* **Problem**
Stop after the line that contains "露出計まわりを分解して,いろ". Until then, retype each line of the entries exactly from the first one, skipping pictures.

-=-=-=-=-

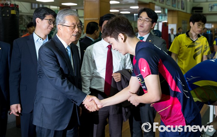 (서울=포커스뉴스) 리우데자네이루 하계올림픽을 52일여 앞둔 14일 오후 서울 노원구 태릉선수촌을 방문한 김종인(왼쪽) 더불어민주당 비상대책위원회 대표가 배드민턴 국가대표 이용대를 격려하고 있다.
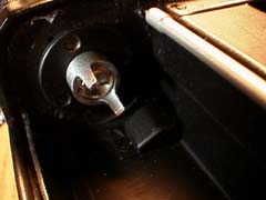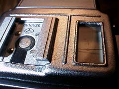 露出計まわりを分解して,いろいろ調べたところ,セレン光電池は生きていることがわかった。したがって,問題点は,調整ツマミの可変抵抗にあると考え,分解を行った。まず,裏蓋をはずし,巻き戻し軸の中央のネジをはずして(左),巻き戻しクランクを取りはずす(右)。
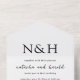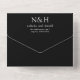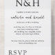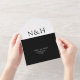 Moderne tout en un faire-part de mariage avec un design simple et minimal noir et blanc avec votre monogramme en caractères gras avec vos noms dans un élégant script d'écriture manuscrite.
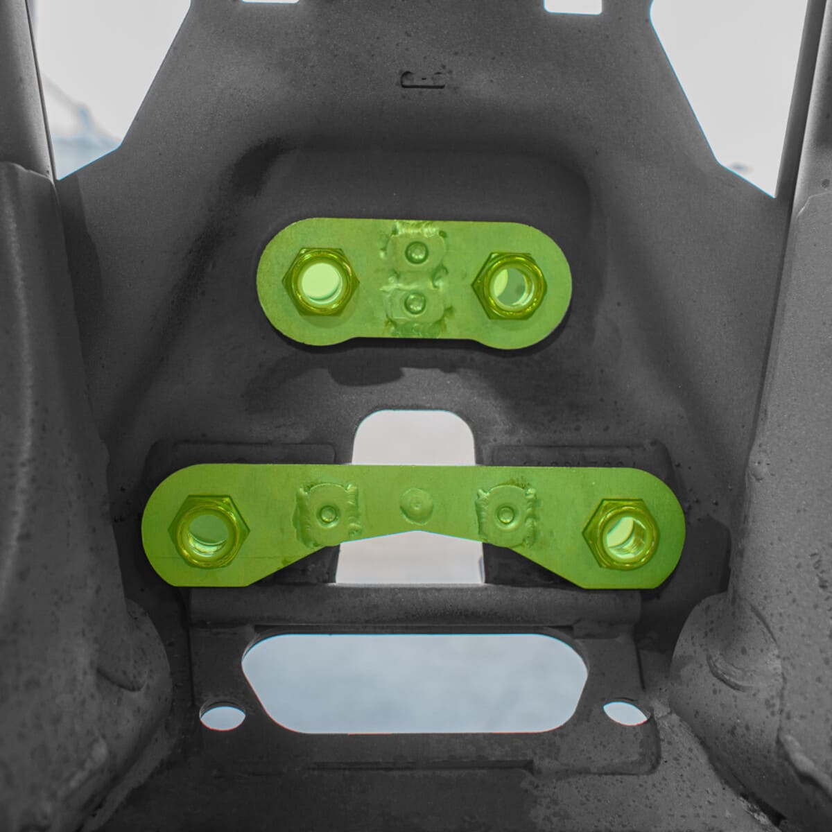 Replace the factory radius rod mounting hardware with our S3 Power Sports Radius Nut Retainers! With this kit you will eliminate the concern of stock hardware breaking loose and spinning when removing or servicing your radius rods. The integrated nut retainers eliminate spin by "locking" the nuts in place, keeping them tight, and making it impossible for them to loosen. The design of the S3 Power Sports Radius Nut Retainer also allows you to easily remove and replace the nuts if needed in the future. This bolt-on kit installs easily and is a valuable addition to your 2024+ Can-Am Maverick R, ensuring you spend more time on the trails.
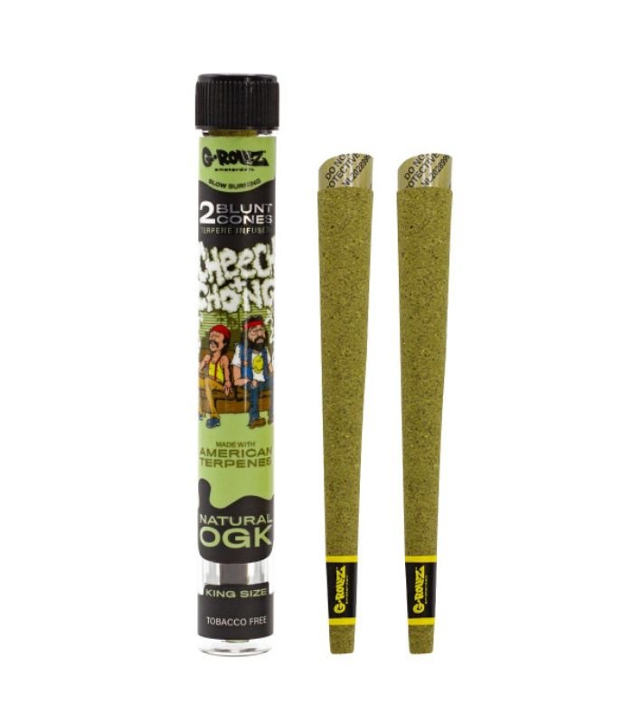 Blunt G-Rollz Natural OGK : deux cônes King Size pré-roulés, infusés aux terpènes naturels, sans tabac ni nicotine, dans un tube en verre hermétique réutilisable.
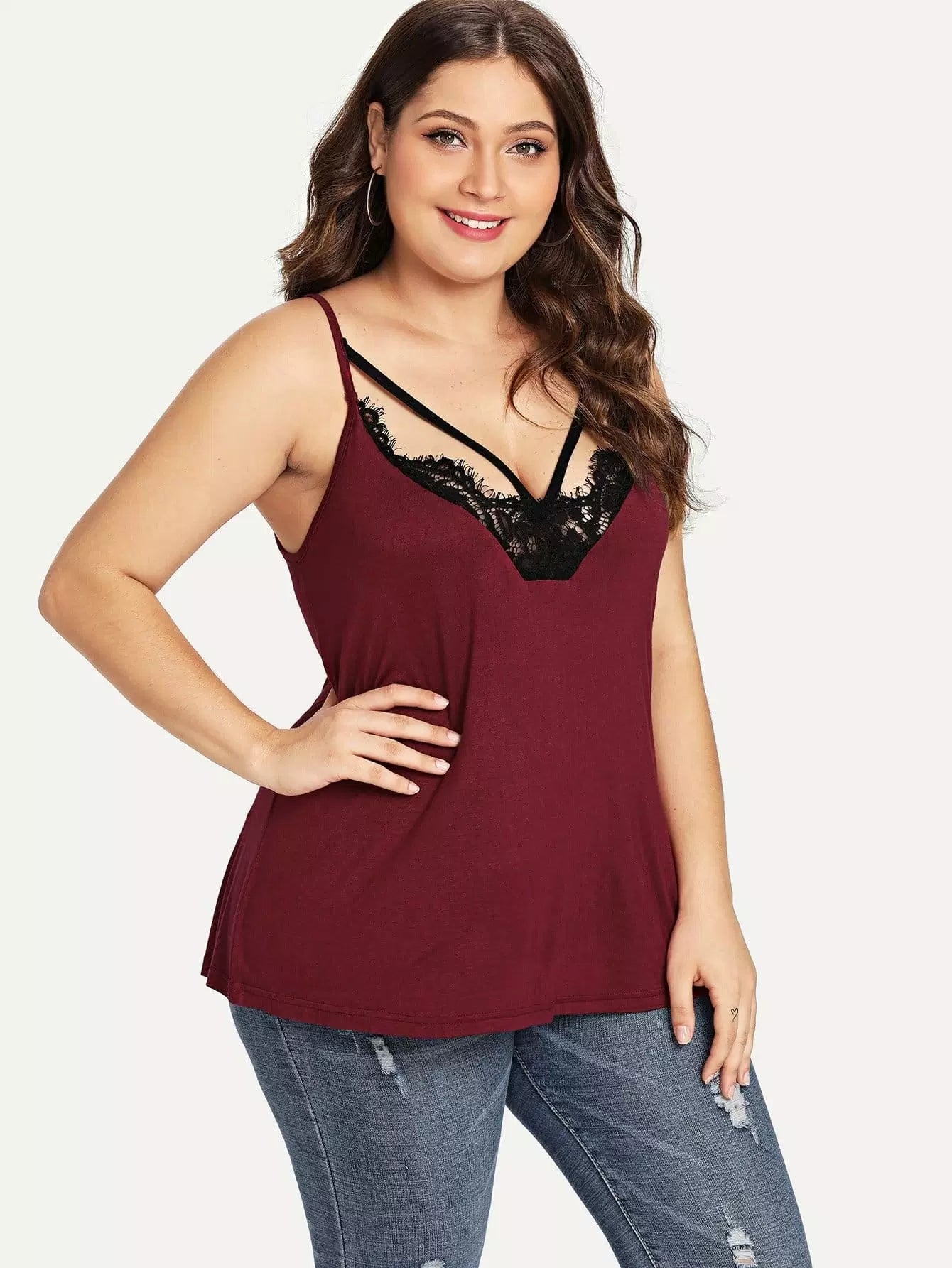 بلوزة دانتيل كاميه بلون مغاير زائد

-=-=-=-=-

* **Result for this task**
 (서울=포커스뉴스) 리우데자네이루 하계올림픽을 52일여 앞둔 14일 오후 서울 노원구 태릉선수촌을 방문한 김종인(왼쪽) 더불어민주당 비상대책위원회 대표가 배드민턴 국가대표 이용대를 격려하고 있다.
 露出計まわりを分解して,いろいろ調べたところ,セレン光電池は生きていることがわかった。したがって,問題点は,調整ツマミの可変抵抗にあると考え,分解を行った。まず,裏蓋をはずし,巻き戻し軸の中央のネジをはずして(左),巻き戻しクランクを取りはずす(右)。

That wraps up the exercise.